» **TO DO**
Images are to be dropped, and the rest of the data reproduced exactly.

» **GIVEN MATERIAL**

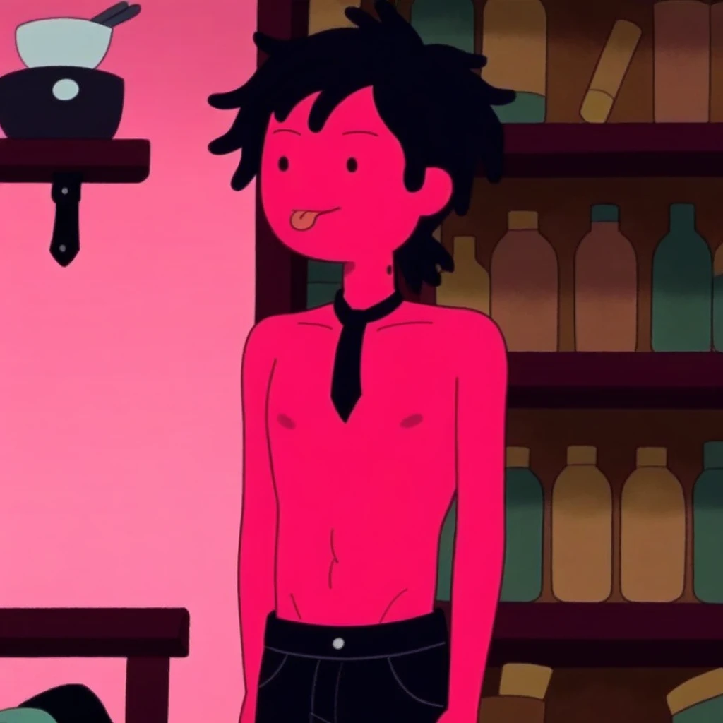 Dark skin, red jacket, white undershirt, Marshall Lee
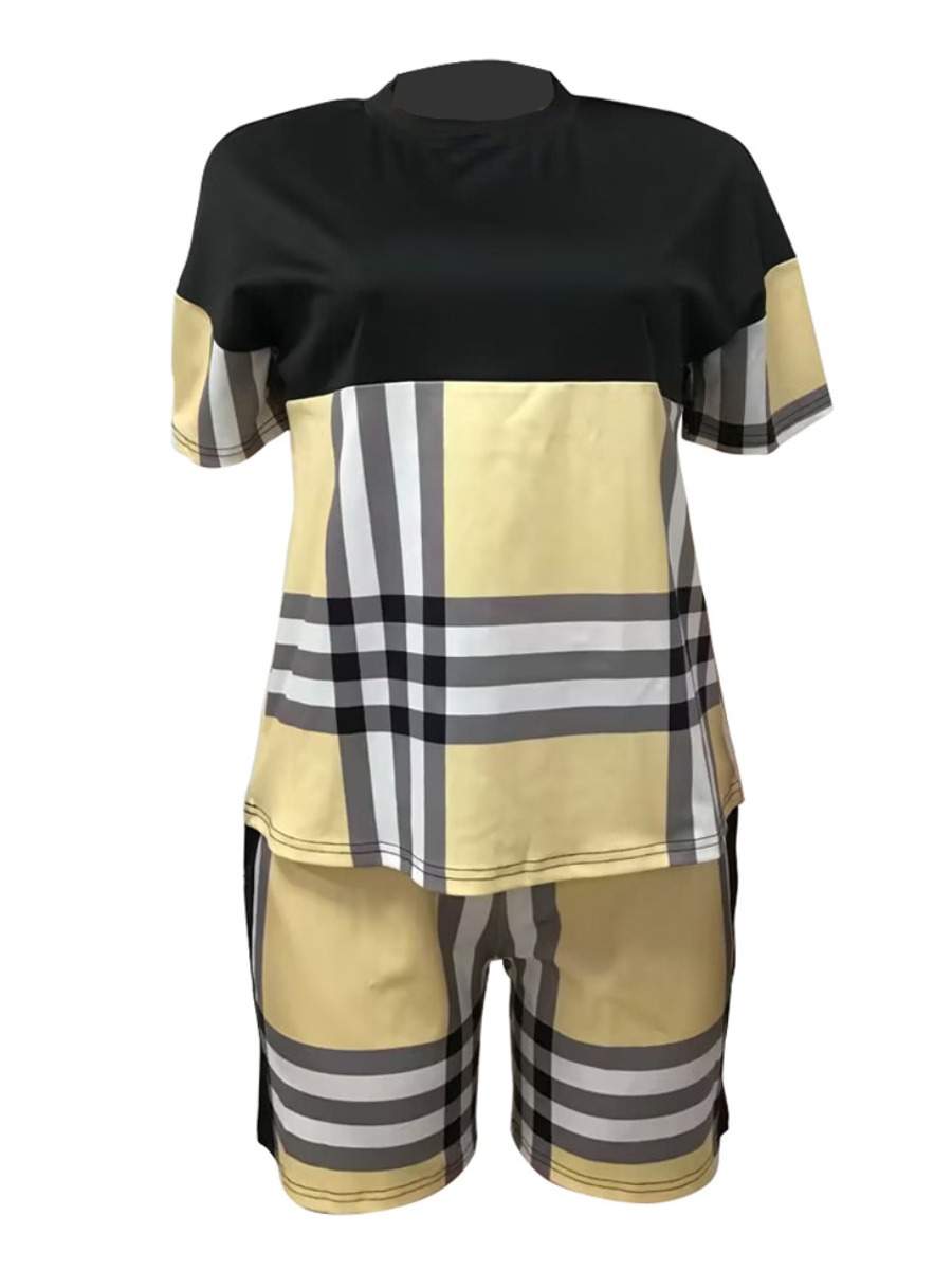 Home > Two Pieces > Two-piece Shorts Set > LW Casual Polyester Round Neck Patchwork Plaid Short Sleeve Two-piece Shorts Set
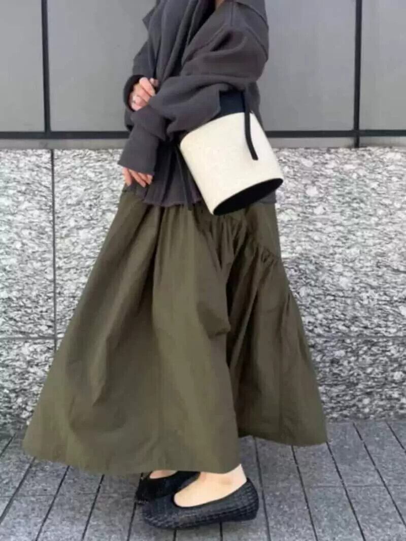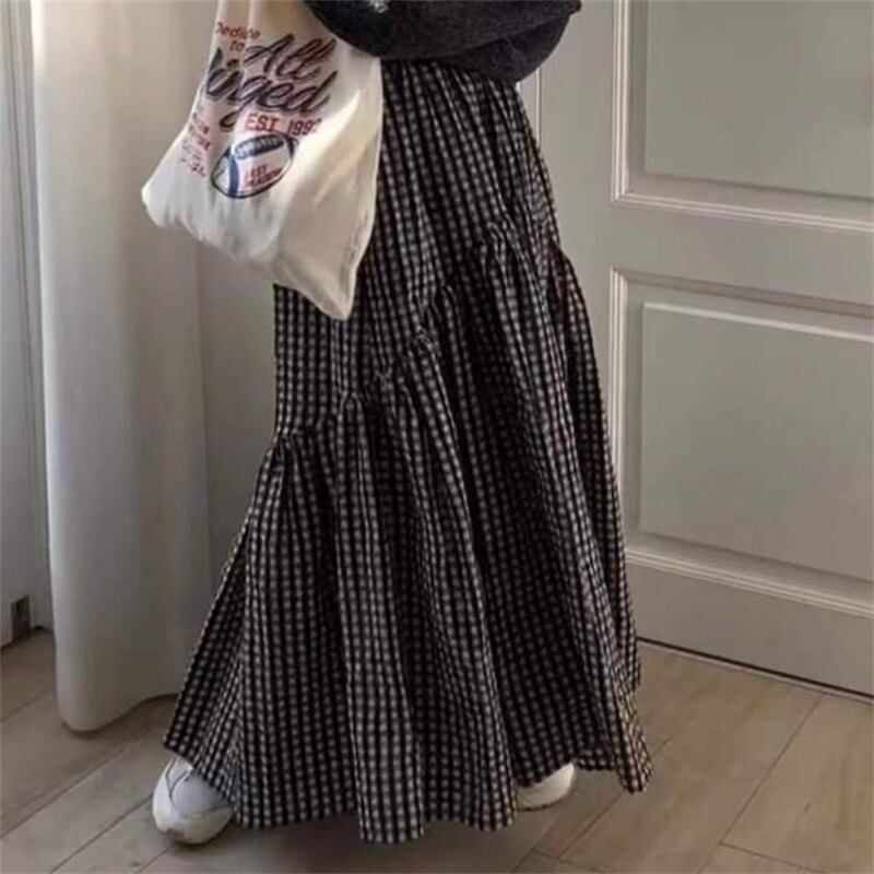 クロスボーダー ese 新しいカジュアルオールマッチレトロウェーブプリーツハイウエストスカート無地マーメイドスカートビッグスイングロングスカート ソリッドカラー cat864030807302
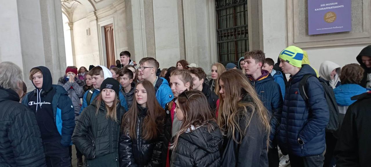 Odjezd v 5:30 hod. někteří chvíli rozdýchávali, ale nakonec byli všichni včas u školy, aby naše cesta mohla začít. Ráno v autobuse bylo až do Mikulova ospalé. Na poslední zastávce na našem území jsme využili služeb čerpací stanice a místního wc. Ve vzpomínkách děvčat určitě zůstane hláška paní toaletářky: „Čtěte tu ceduli! Počkej na zelenou!“ Za další zhruba hodinu a půl jsme zastavili v Schönbrunnu. Na nádvoří byly stánky velikonočních trhů, teď jsme ale zamířili k císařskému schodišti a do zámeckých zahrad. Zastavili jsme se u Neptunovy fontány a vyšlápli kopec až ke Gloriettě. Pro Habsburky to prý ale byl celodenní výlet. Nahoře jsme dostali rozchod a asi za hodinu se sešli u hlavní brány. U stánků jsme si koupili veliké preclíky a také suvenýry.

» **WRITTEN ANSWER**
 Dark skin, red jacket, white undershirt, Marshall Lee
 Home > Two Pieces > Two-piece Shorts Set > LW Casual Polyester Round Neck Patchwork Plaid Short Sleeve Two-piece Shorts Set
 クロスボーダー ese 新しいカジュアルオールマッチレトロウェーブプリーツハイウエストスカート無地マーメイドスカートビッグスイングロングスカート ソリッドカラー cat864030807302
 Odjezd v 5:30 hod. někteří chvíli rozdýchávali, ale nakonec byli všichni včas u školy, aby naše cesta mohla začít. Ráno v autobuse bylo až do Mikulova ospalé. Na poslední zastávce na našem území jsme využili služeb čerpací stanice a místního wc. Ve vzpomínkách děvčat určitě zůstane hláška paní toaletářky: „Čtěte tu ceduli! Počkej na zelenou!“ Za další zhruba hodinu a půl jsme zastavili v Schönbrunnu. Na nádvoří byly stánky velikonočních trhů, teď jsme ale zamířili k císařskému schodišti a do zámeckých zahrad. Zastavili jsme se u Neptunovy fontány a vyšlápli kopec až ke Gloriettě. Pro Habsburky to prý ale byl celodenní výlet. Nahoře jsme dostali rozchod a asi za hodinu se sešli u hlavní brány. U stánků jsme si koupili veliké preclíky a také suvenýry.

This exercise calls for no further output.